/ctrl-phi

Primary LanguageTypeScript

Ctrl-Phi (HooHacks 2024)

Inspiration

Ctrl + F is one of the most prominent keybinds for efficient learning. Whether it's a wikipedia page or a historical document, the ability to search through texts in a matter of seconds is a huge time-saver for anyone trying to learn.

However, Ctrl + F necessitates specific text input in order to search. What if you don't remember the exact content of a section? Or what if you have a question about the text you want answered? Ctrl + F can no longer help you.

With Ctrl-Phi, we integrate AI with the Ctrl + F you know and love to make searching through web pages conversational. Simply press Ctrl + Shift + ., type in any query, like you would with ChatGPT, and Ctrl-Phi will scroll you to the part of the page you're looking for.

How to use Ctrl-Phi

Ctrl-Phi is a Chrome extension that anyone can download at ctrl-phi.app.
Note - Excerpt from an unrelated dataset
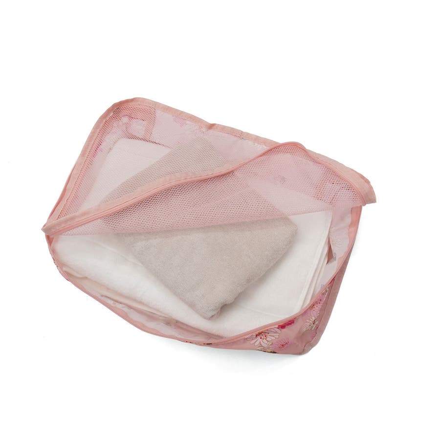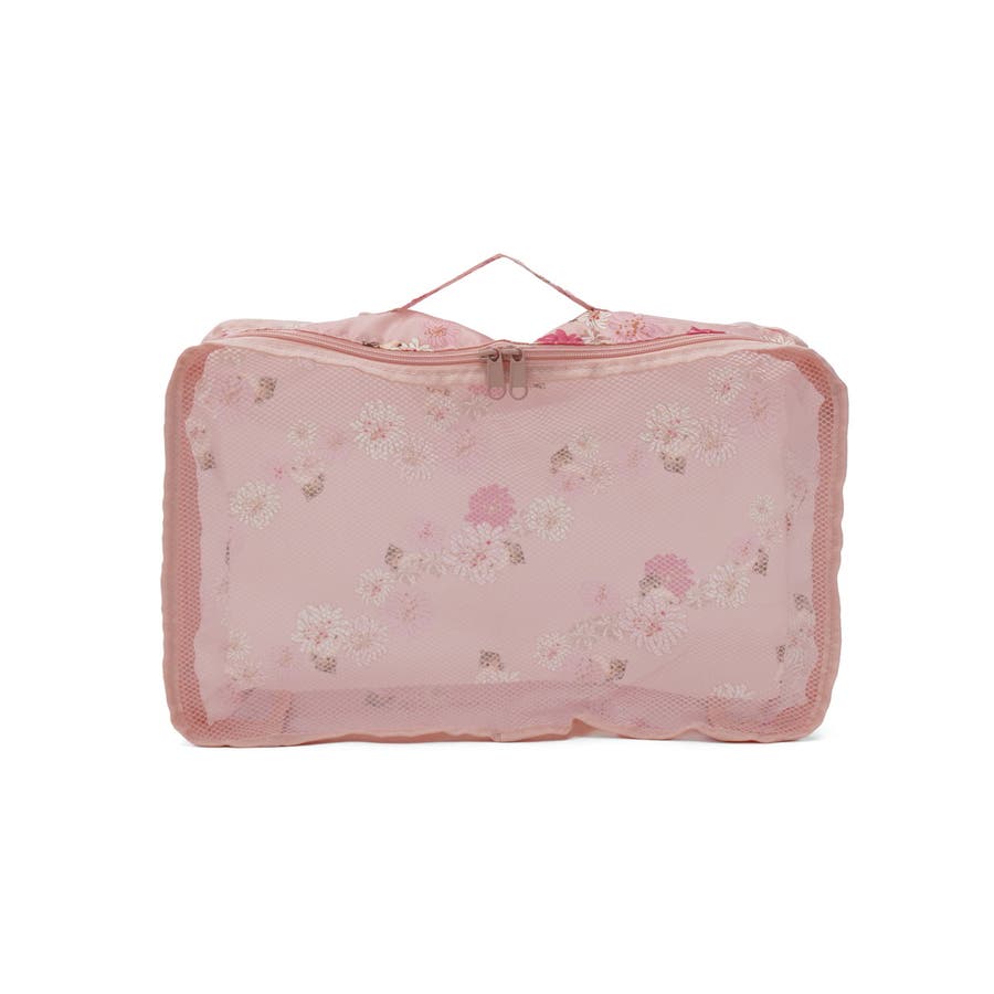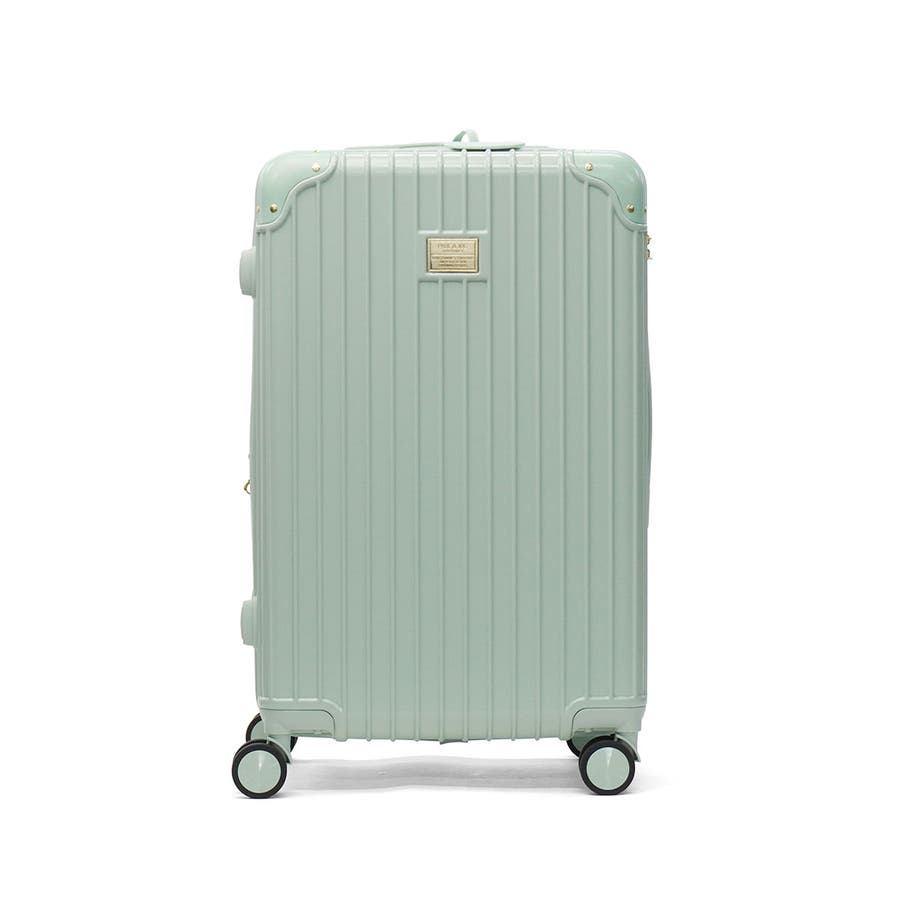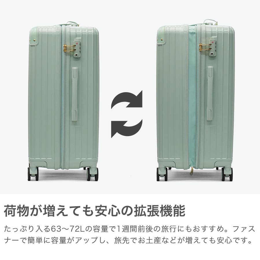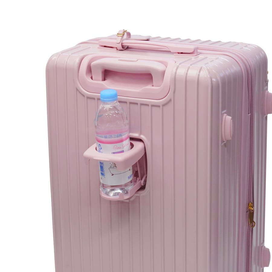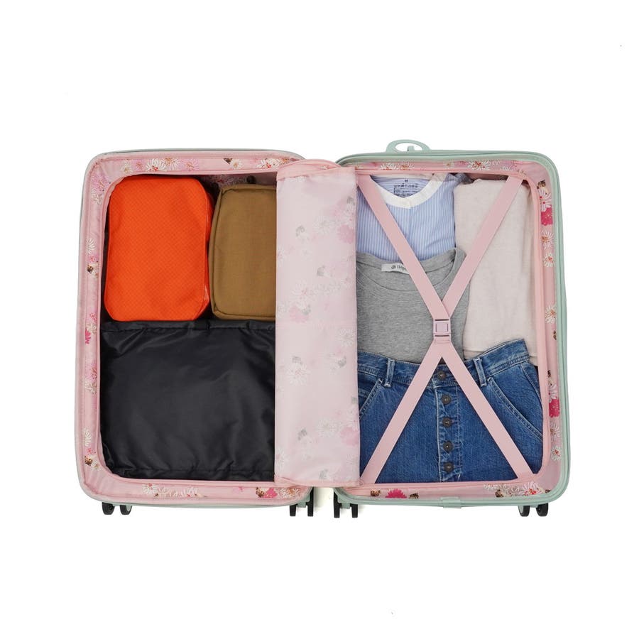 淡いカラーが可愛いスーツケースです。ハンドルやタイヤも本体と同色で統一感のあるデザイン。表面は傷が目立ちにくいシボ加工仕上げで、上品な印象に。こちらは、拡張可能な63~72L容量で荷物が増えても安心。内装にはヌネット&クリザンテームの総柄を採用し、華やかさも◎。着替えの収納に便利な同柄ポーチ付き。猫型ネームタグや折りたたみ式カップホルダーなど、機能性にもこだわった一品です。

No matter what webpage you're on, Ctrl-Phi is one click away. Simply type in your prompt, select the block of text you want to jump to, and Ctrl+Phi will scroll the page to your desired location.

You can see Ctrl-Phi in action on our website.

How we built Ctrl-Phi

The frontend was built with Nextjs and TailwindCSS, using select MaterialUI components. The Playground tab allows users to experiment with Ctrl-Phi using sets of example text, or any text of their own. It uses dynamic highlighting and scrolling within the text boxes and displays components using the FastAPI response.

In order to analyze text, we engineered a custom Search Agent. This agent uses an LLM alongside agentic AI logic and prompting patterns (based on the principles of "ReAct: Synergizing Reasoning and Acting in Language Models") in order to find direct matching text based on a user's query. The Search Agent can be used with any LLM (due to custom LLM and LLMConfig abstractions) and features token-based chunking to overcome context-window limitations. The SearchAgent also has robust error-handling, utilizes response validation, and relies on re-prompting strategies to reduce hallucination.

What's next

Ctrl-Phi is already practical to almost anyone on the web, but there's always room to improve.

The first advancement would be the ability to scan and sift through PDFs, as many textbooks and educational resources are in the form of PDFs. Second would be the ability to scan and find images on a webpage. And finally, querying videos and jumping to a desired timestamp would be arguably the most distinct and time-saving use case.